Your goal » From the first line to the last, print the records exactly, leaving out the pictures.

Data to process »
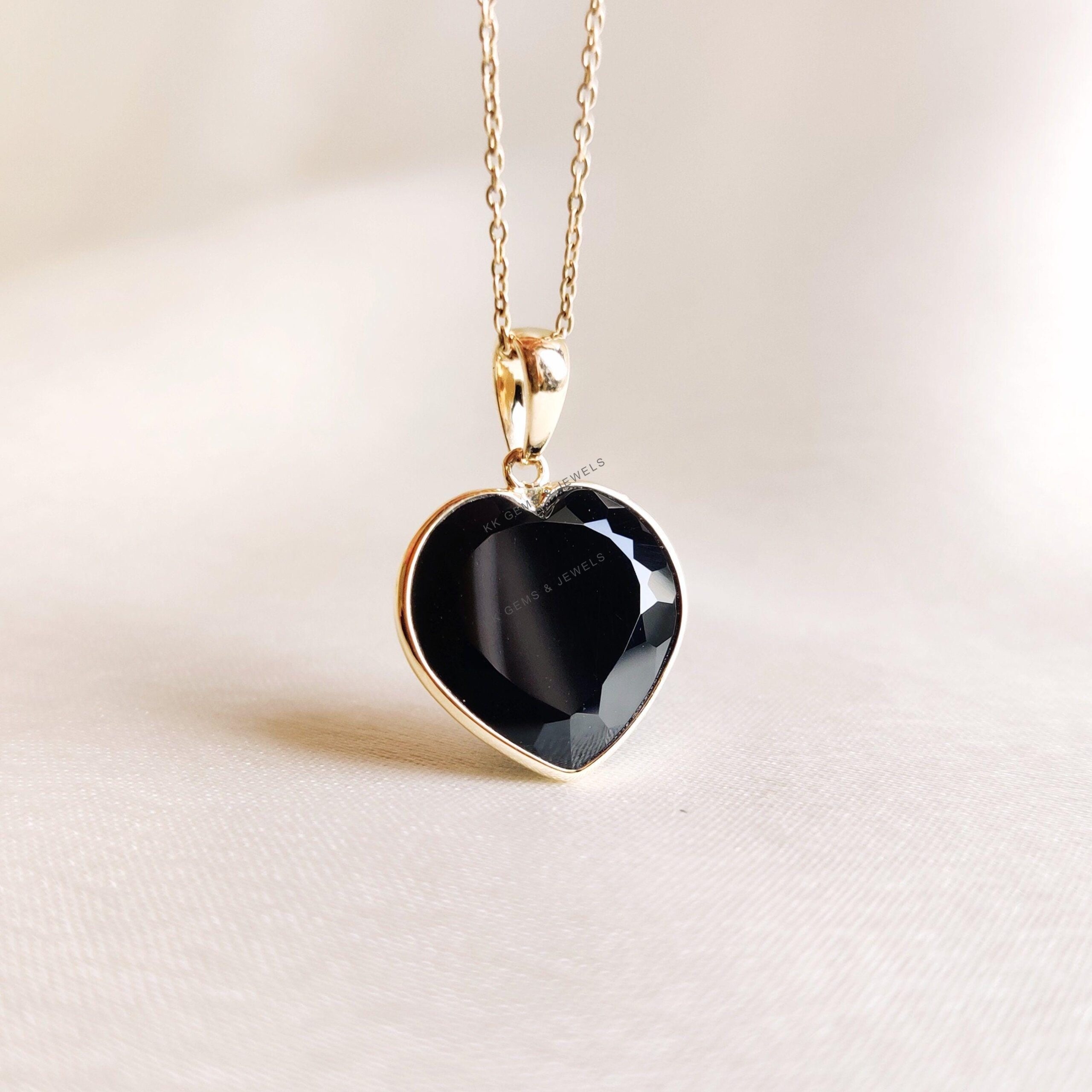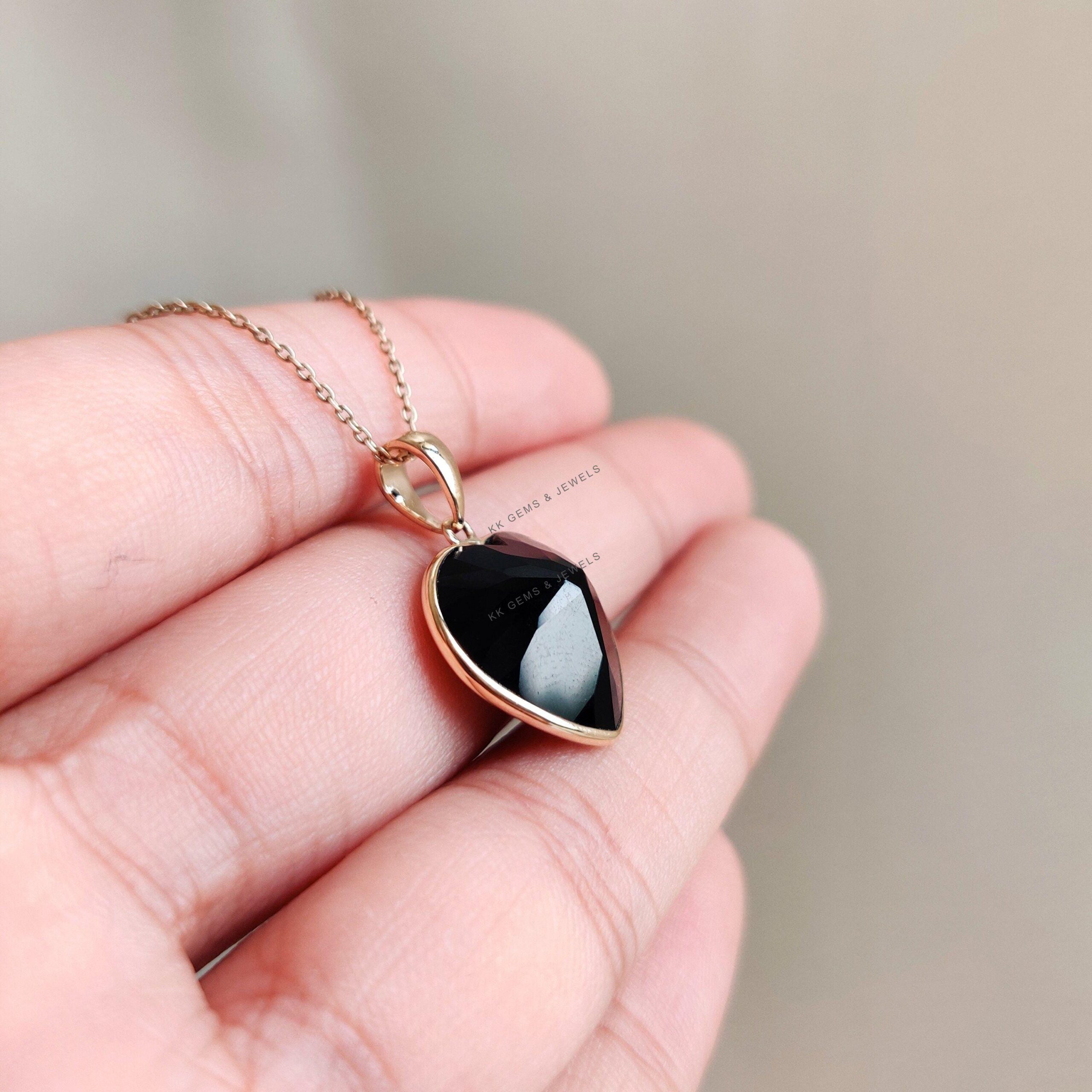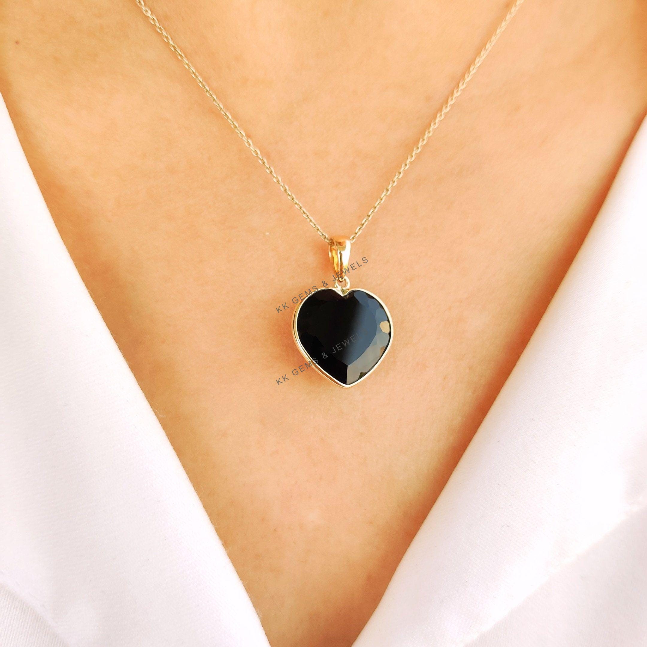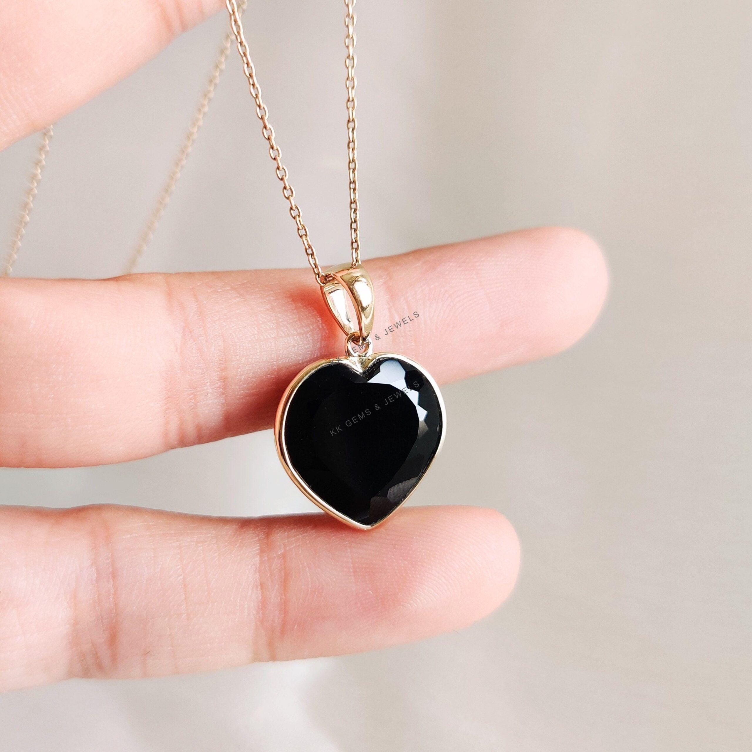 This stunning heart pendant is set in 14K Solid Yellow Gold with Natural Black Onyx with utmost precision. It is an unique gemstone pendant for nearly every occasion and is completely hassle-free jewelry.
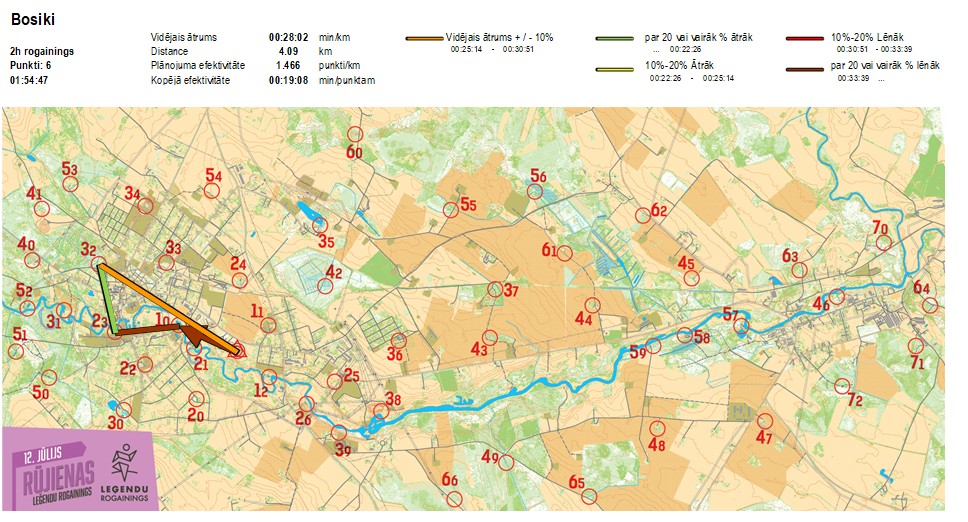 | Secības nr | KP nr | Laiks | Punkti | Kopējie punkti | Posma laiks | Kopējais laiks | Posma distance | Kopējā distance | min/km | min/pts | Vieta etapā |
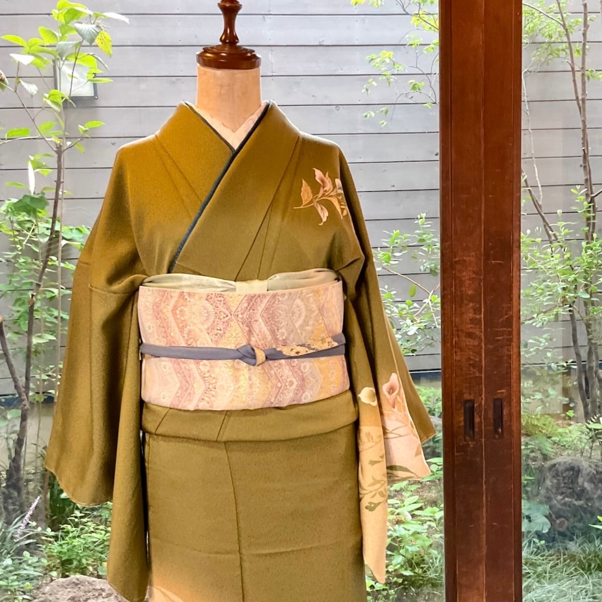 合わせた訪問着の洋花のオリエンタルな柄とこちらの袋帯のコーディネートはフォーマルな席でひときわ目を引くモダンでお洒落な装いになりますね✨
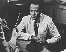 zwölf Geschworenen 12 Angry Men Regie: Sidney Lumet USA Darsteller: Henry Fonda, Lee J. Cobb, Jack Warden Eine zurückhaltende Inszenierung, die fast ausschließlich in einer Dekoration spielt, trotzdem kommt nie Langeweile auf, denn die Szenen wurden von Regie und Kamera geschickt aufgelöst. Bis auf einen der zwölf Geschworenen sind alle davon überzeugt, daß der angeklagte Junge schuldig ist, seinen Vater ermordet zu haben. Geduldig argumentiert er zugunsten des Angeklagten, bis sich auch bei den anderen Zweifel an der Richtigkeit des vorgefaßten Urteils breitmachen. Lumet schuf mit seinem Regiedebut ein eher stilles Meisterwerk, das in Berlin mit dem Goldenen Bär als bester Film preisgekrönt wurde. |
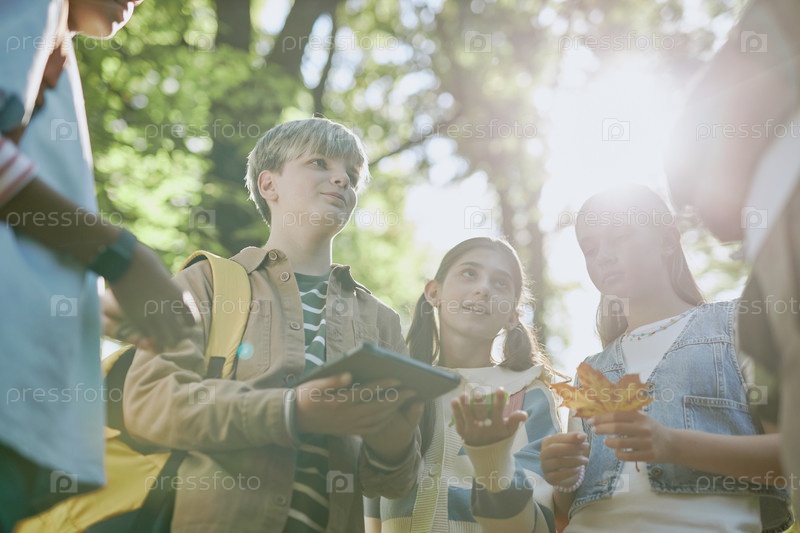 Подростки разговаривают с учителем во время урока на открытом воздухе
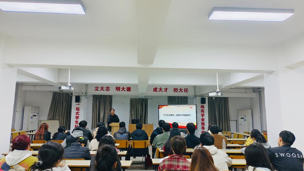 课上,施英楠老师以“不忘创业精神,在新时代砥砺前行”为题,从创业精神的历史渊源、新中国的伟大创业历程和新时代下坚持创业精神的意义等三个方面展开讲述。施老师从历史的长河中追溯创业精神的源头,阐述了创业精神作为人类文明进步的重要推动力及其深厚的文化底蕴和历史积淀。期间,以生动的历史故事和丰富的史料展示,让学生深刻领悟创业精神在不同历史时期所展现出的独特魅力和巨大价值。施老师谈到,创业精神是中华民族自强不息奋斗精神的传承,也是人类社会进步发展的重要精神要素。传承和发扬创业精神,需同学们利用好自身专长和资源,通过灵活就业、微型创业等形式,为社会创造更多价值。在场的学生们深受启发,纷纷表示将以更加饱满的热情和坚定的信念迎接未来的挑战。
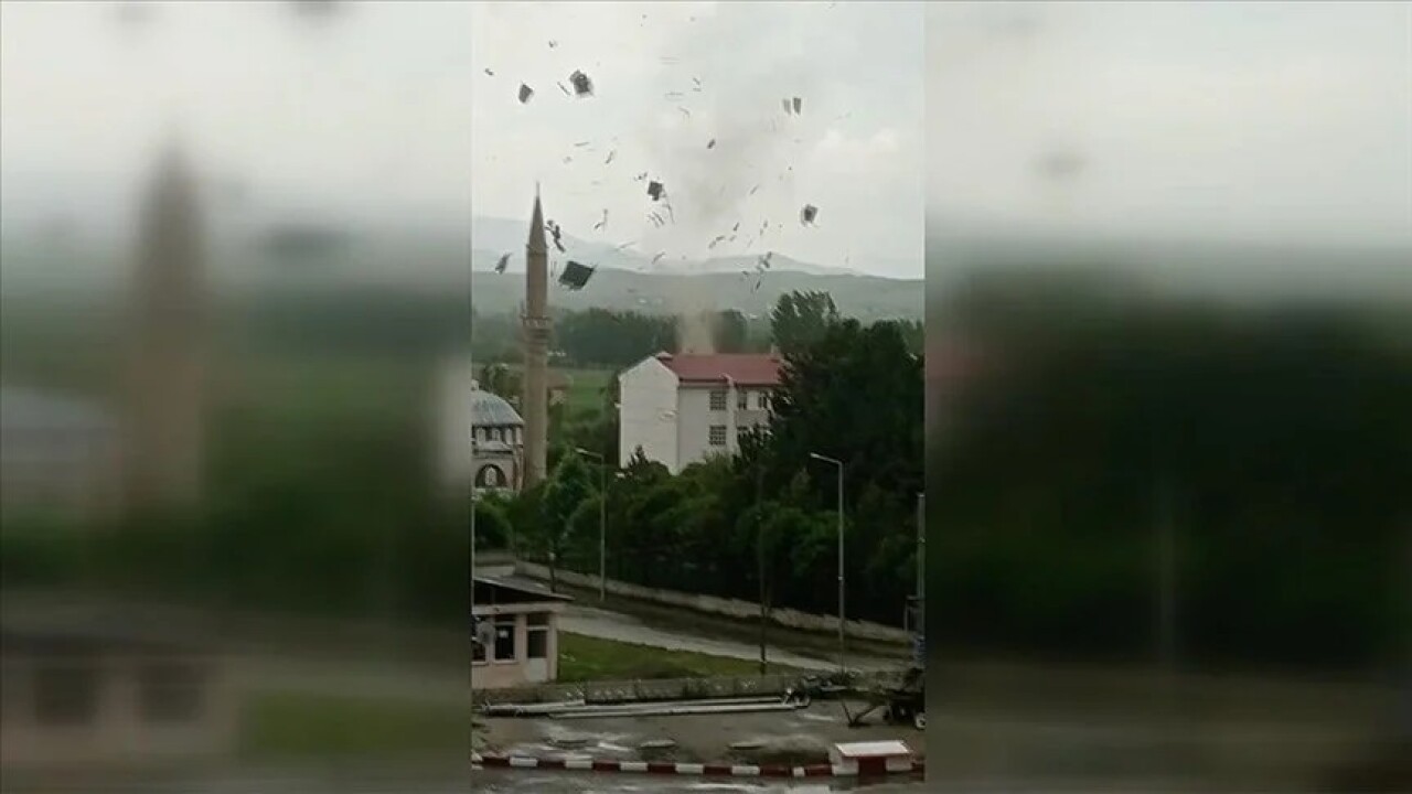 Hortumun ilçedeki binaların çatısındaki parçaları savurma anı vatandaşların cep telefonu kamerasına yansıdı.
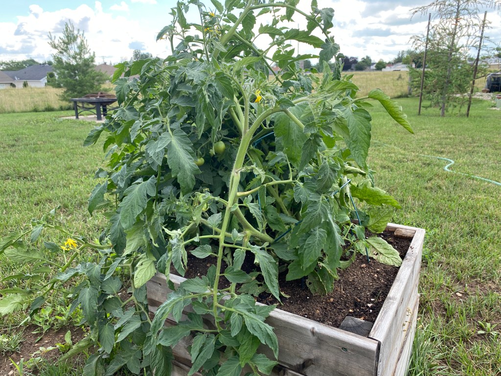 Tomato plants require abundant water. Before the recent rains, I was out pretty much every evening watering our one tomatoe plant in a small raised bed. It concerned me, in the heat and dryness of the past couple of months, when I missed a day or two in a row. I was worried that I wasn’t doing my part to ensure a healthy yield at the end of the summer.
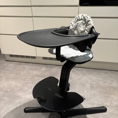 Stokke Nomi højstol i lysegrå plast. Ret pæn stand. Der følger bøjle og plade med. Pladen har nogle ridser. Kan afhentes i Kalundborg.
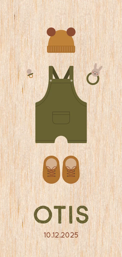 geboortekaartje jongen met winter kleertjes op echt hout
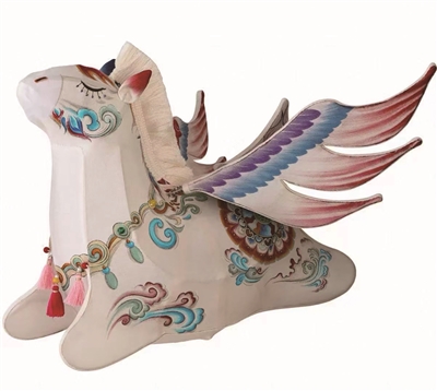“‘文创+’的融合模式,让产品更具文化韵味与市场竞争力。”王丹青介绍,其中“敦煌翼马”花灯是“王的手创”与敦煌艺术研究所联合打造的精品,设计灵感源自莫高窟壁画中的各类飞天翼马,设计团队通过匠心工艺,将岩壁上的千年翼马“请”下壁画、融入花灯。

Expected answer »
 This stunning heart pendant is set in 14K Solid Yellow Gold with Natural Black Onyx with utmost precision. It is an unique gemstone pendant for nearly every occasion and is completely hassle-free jewelry.
 | Secības nr | KP nr | Laiks | Punkti | Kopējie punkti | Posma laiks | Kopējais laiks | Posma distance | Kopējā distance | min/km | min/pts | Vieta etapā |
 合わせた訪問着の洋花のオリエンタルな柄とこちらの袋帯のコーディネートはフォーマルな席でひときわ目を引くモダンでお洒落な装いになりますね✨
 zwölf Geschworenen 12 Angry Men Regie: Sidney Lumet USA Darsteller: Henry Fonda, Lee J. Cobb, Jack Warden Eine zurückhaltende Inszenierung, die fast ausschließlich in einer Dekoration spielt, trotzdem kommt nie Langeweile auf, denn die Szenen wurden von Regie und Kamera geschickt aufgelöst. Bis auf einen der zwölf Geschworenen sind alle davon überzeugt, daß der angeklagte Junge schuldig ist, seinen Vater ermordet zu haben. Geduldig argumentiert er zugunsten des Angeklagten, bis sich auch bei den anderen Zweifel an der Richtigkeit des vorgefaßten Urteils breitmachen. Lumet schuf mit seinem Regiedebut ein eher stilles Meisterwerk, das in Berlin mit dem Goldenen Bär als bester Film preisgekrönt wurde. |
 Подростки разговаривают с учителем во время урока на открытом воздухе
 课上,施英楠老师以“不忘创业精神,在新时代砥砺前行”为题,从创业精神的历史渊源、新中国的伟大创业历程和新时代下坚持创业精神的意义等三个方面展开讲述。施老师从历史的长河中追溯创业精神的源头,阐述了创业精神作为人类文明进步的重要推动力及其深厚的文化底蕴和历史积淀。期间,以生动的历史故事和丰富的史料展示,让学生深刻领悟创业精神在不同历史时期所展现出的独特魅力和巨大价值。施老师谈到,创业精神是中华民族自强不息奋斗精神的传承,也是人类社会进步发展的重要精神要素。传承和发扬创业精神,需同学们利用好自身专长和资源,通过灵活就业、微型创业等形式,为社会创造更多价值。在场的学生们深受启发,纷纷表示将以更加饱满的热情和坚定的信念迎接未来的挑战。
 Hortumun ilçedeki binaların çatısındaki parçaları savurma anı vatandaşların cep telefonu kamerasına yansıdı.
 Tomato plants require abundant water. Before the recent rains, I was out pretty much every evening watering our one tomatoe plant in a small raised bed. It concerned me, in the heat and dryness of the past couple of months, when I missed a day or two in a row. I was worried that I wasn’t doing my part to ensure a healthy yield at the end of the summer.
 Stokke Nomi højstol i lysegrå plast. Ret pæn stand. Der følger bøjle og plade med. Pladen har nogle ridser. Kan afhentes i Kalundborg.
 geboortekaartje jongen met winter kleertjes op echt hout
“‘文创+’的融合模式,让产品更具文化韵味与市场竞争力。”王丹青介绍,其中“敦煌翼马”花灯是“王的手创”与敦煌艺术研究所联合打造的精品,设计灵感源自莫高窟壁画中的各类飞天翼马,设计团队通过匠心工艺,将岩壁上的千年翼马“请”下壁画、融入花灯。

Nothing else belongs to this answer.